## WHAT NEEDS TO BE DONE
Exclude the pictures. Transcribe, exactly as written, the lines from the one with "Ripper Quake Polm" through the end of the entries below.

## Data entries
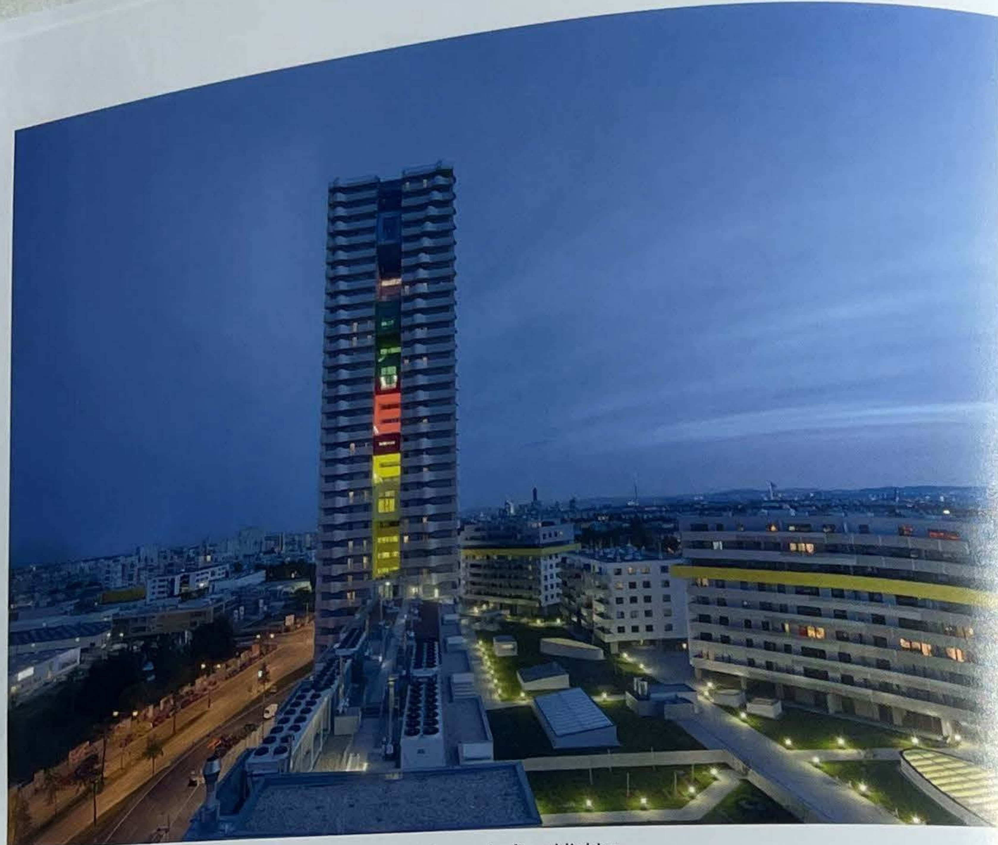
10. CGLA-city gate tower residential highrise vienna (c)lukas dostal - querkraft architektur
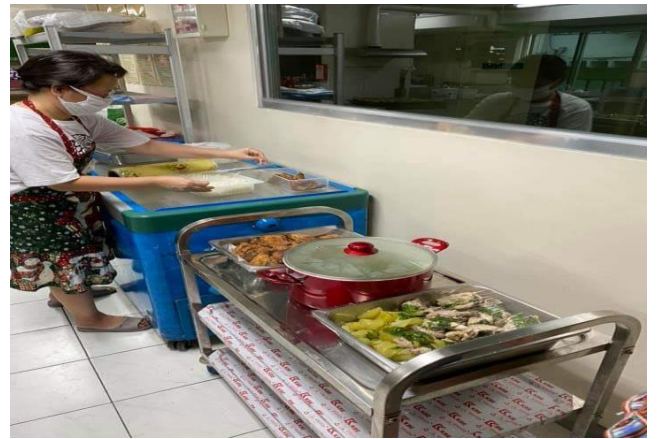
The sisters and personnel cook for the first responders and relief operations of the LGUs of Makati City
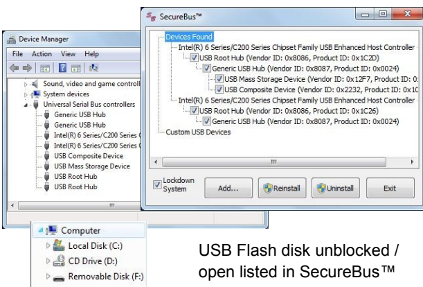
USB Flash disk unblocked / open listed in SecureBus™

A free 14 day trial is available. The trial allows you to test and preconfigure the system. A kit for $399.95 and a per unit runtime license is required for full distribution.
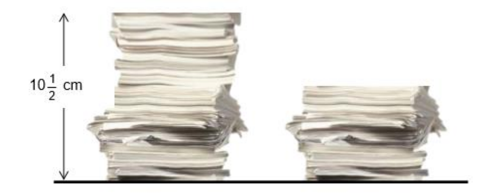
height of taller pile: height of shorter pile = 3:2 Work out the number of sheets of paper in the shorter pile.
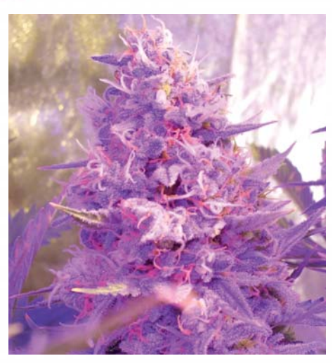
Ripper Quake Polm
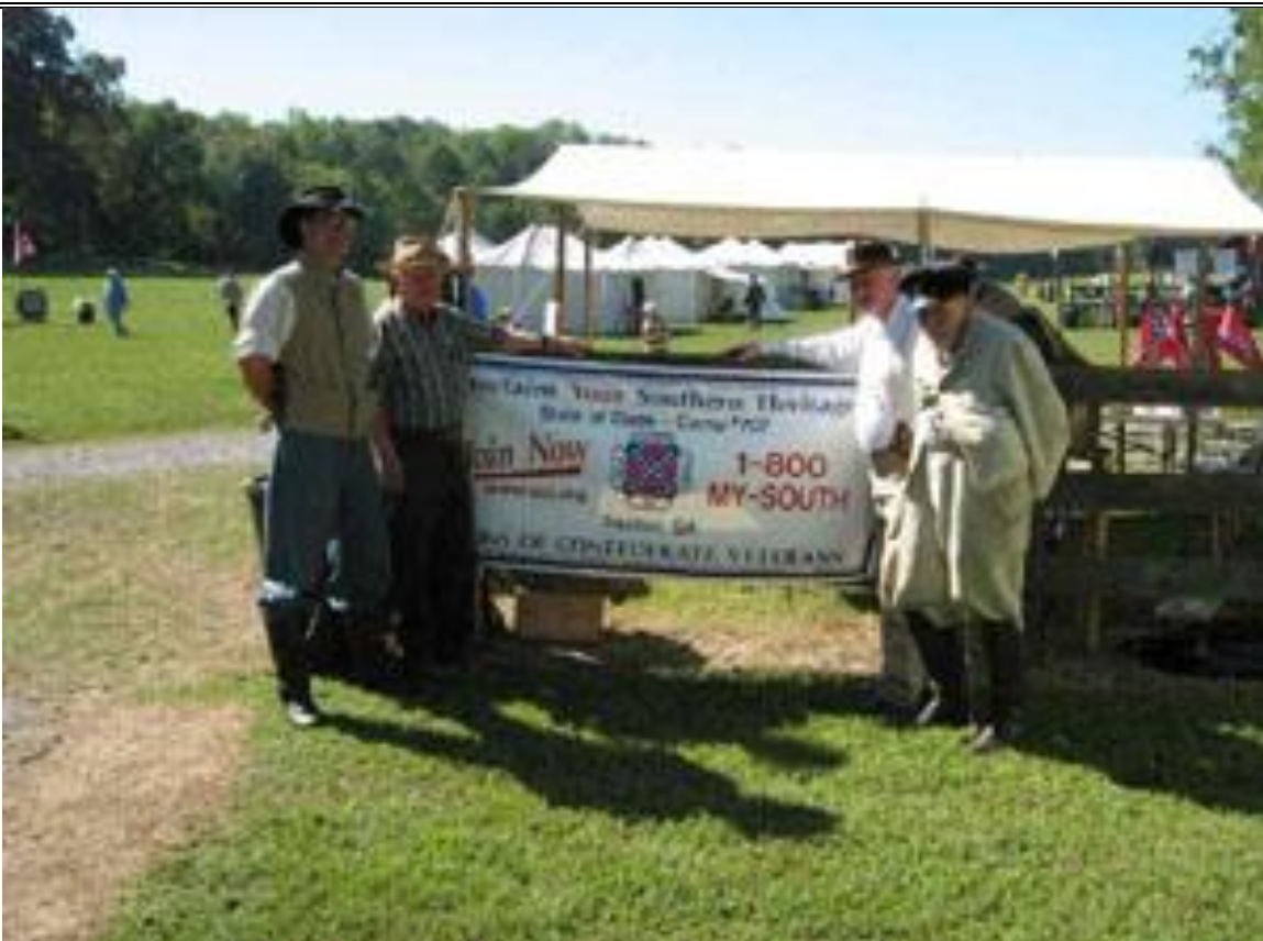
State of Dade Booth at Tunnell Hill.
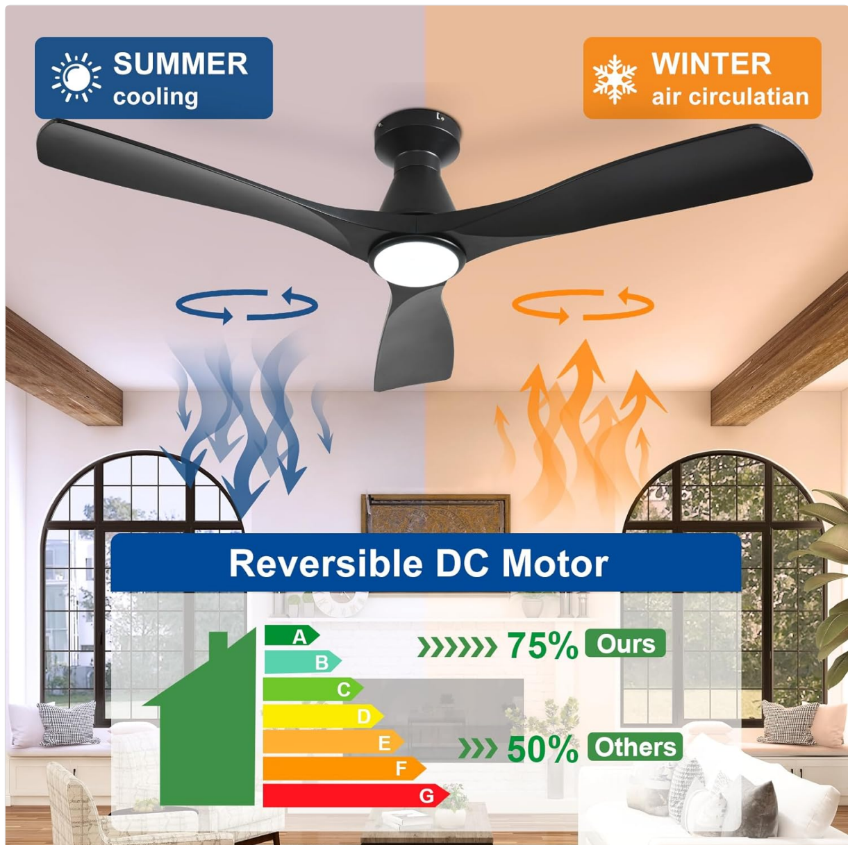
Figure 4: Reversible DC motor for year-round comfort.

## RESULT OF THIS EXERCISE
Ripper Quake Polm
State of Dade Booth at Tunnell Hill.
Figure 4: Reversible DC motor for year-round comfort.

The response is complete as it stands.